What the task asks: For this exercise, reproduce only the lines from the one holding "- Toute la cour" through the final line of the data below, exactly, and omit pictures.

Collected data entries

BEGIN

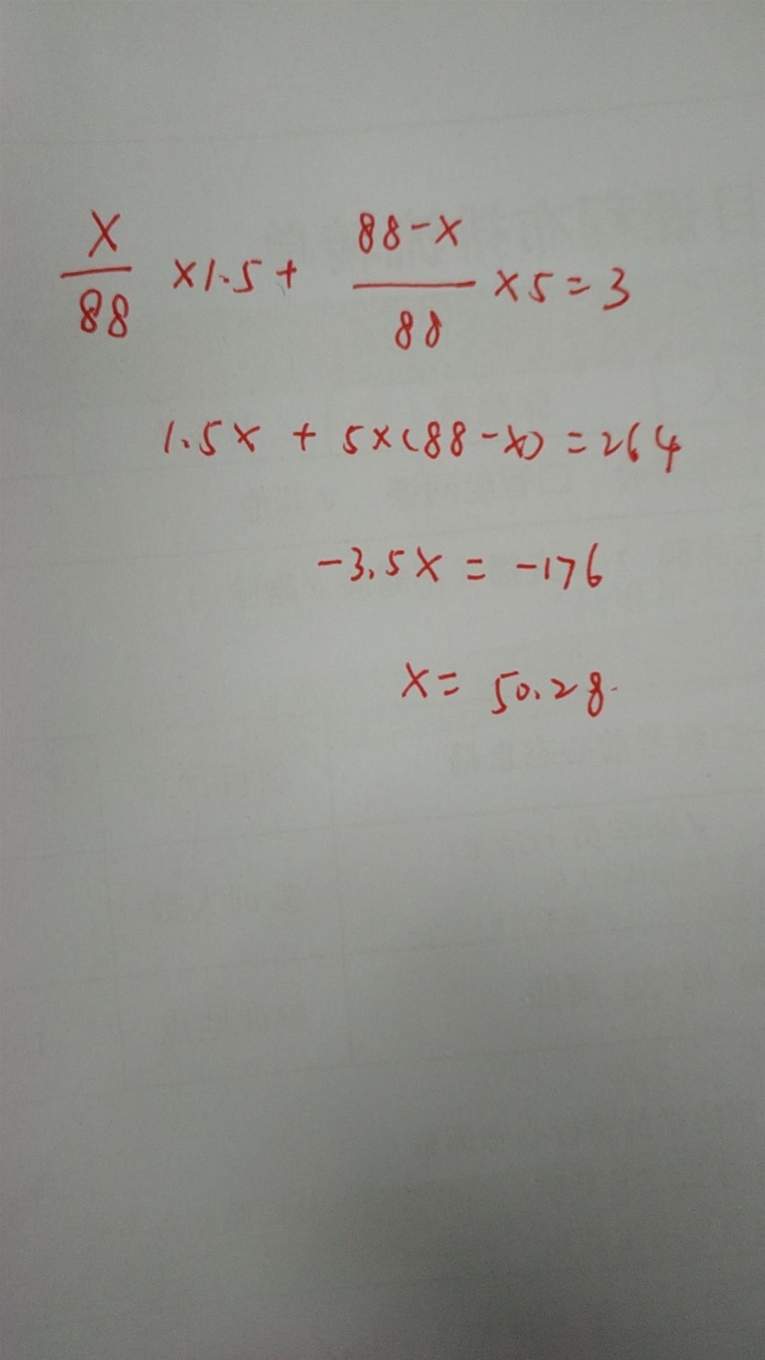 同学你好,这位投资者手里有88m的债券,这些债券的久期是5,现在他想卖掉一部分的债券,再买入一些新的债券,新债券的久期是1.5,使得组合整体的久期达到3,所以我们设未知数,我们假定卖掉的债券的价格是X,列出如下方程,可解出D答案
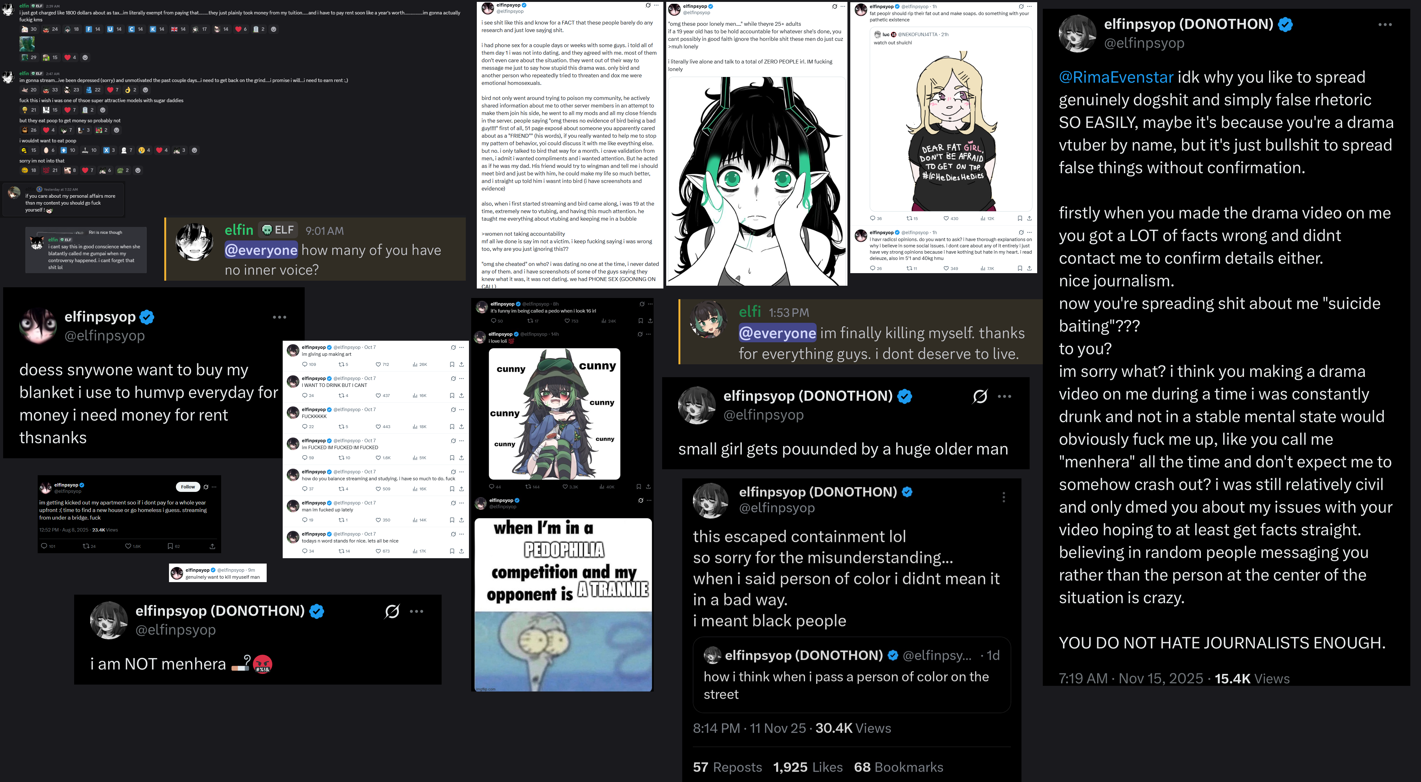 >>108199388I genuinely hope she is doing okay. Elfin, if you are reading this, take some time off, touch some grass, regain your mental stability and composure. Let this blow over and continue with the people who still remain. With enough mental fortitude and patience, you will outlast this too. If Ririgaki can survive having a black boyfriend, you can survive being (half?) paki.
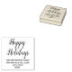 Christmas holiday rubber stamp with text, "Happy Holidays" in a beautiful cursive script font, your family name, and address.
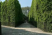 - Toute la cour marcha le long de l'allée , sans s’apercevoir du lieu où elle étoit ; mais comme elle eut fait plus de la moitié du chemin, il y eut une palissade de verdure, s’ouvrant tout d’un coup de part & d’autre, laissa voir, au travers d'un grand portique, un salon rempli d'une infinité de lumières , & une longue allée au-delà, dont l’extraordinaire beauté surprit tout le monde.— (M. Bret Œuvres de Molière, avec des remarques grammaticales, tome 5, Paris, 1804, p.339)
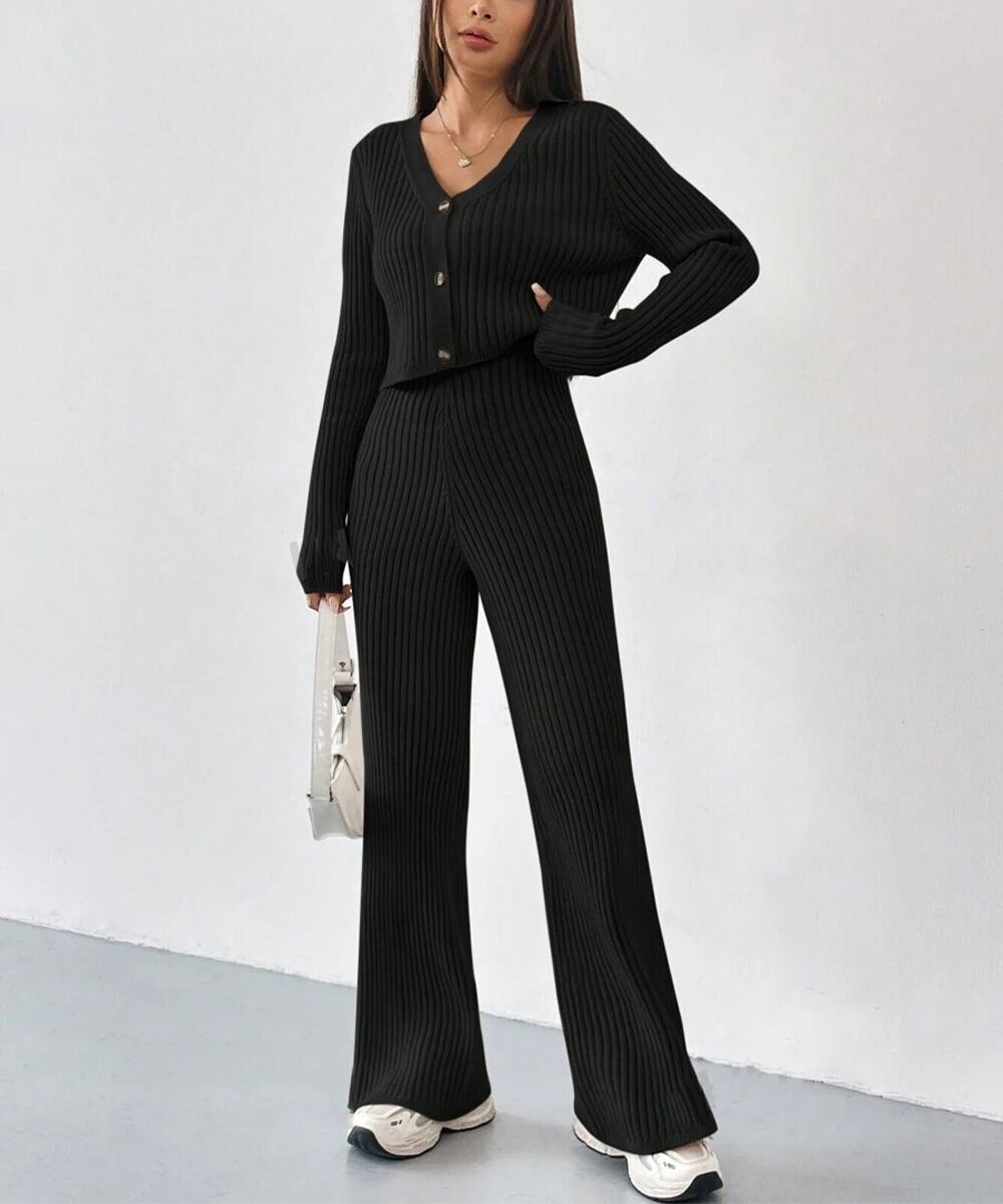 レディース ニットカーディガン ストレッチパンツ ハイウエスト 編み ゆったり オルチャン お洒落 オフィスカジュアル
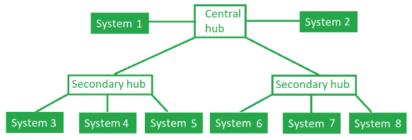 - 최상위 노드(central hub)에 장애가 발생하면 전체 시스템이 다운됩니다.

END

Solution:
 - Toute la cour marcha le long de l'allée , sans s’apercevoir du lieu où elle étoit ; mais comme elle eut fait plus de la moitié du chemin, il y eut une palissade de verdure, s’ouvrant tout d’un coup de part & d’autre, laissa voir, au travers d'un grand portique, un salon rempli d'une infinité de lumières , & une longue allée au-delà, dont l’extraordinaire beauté surprit tout le monde.— (M. Bret Œuvres de Molière, avec des remarques grammaticales, tome 5, Paris, 1804, p.339)
 レディース ニットカーディガン ストレッチパンツ ハイウエスト 編み ゆったり オルチャン お洒落 オフィスカジュアル
 - 최상위 노드(central hub)에 장애가 발생하면 전체 시스템이 다운됩니다.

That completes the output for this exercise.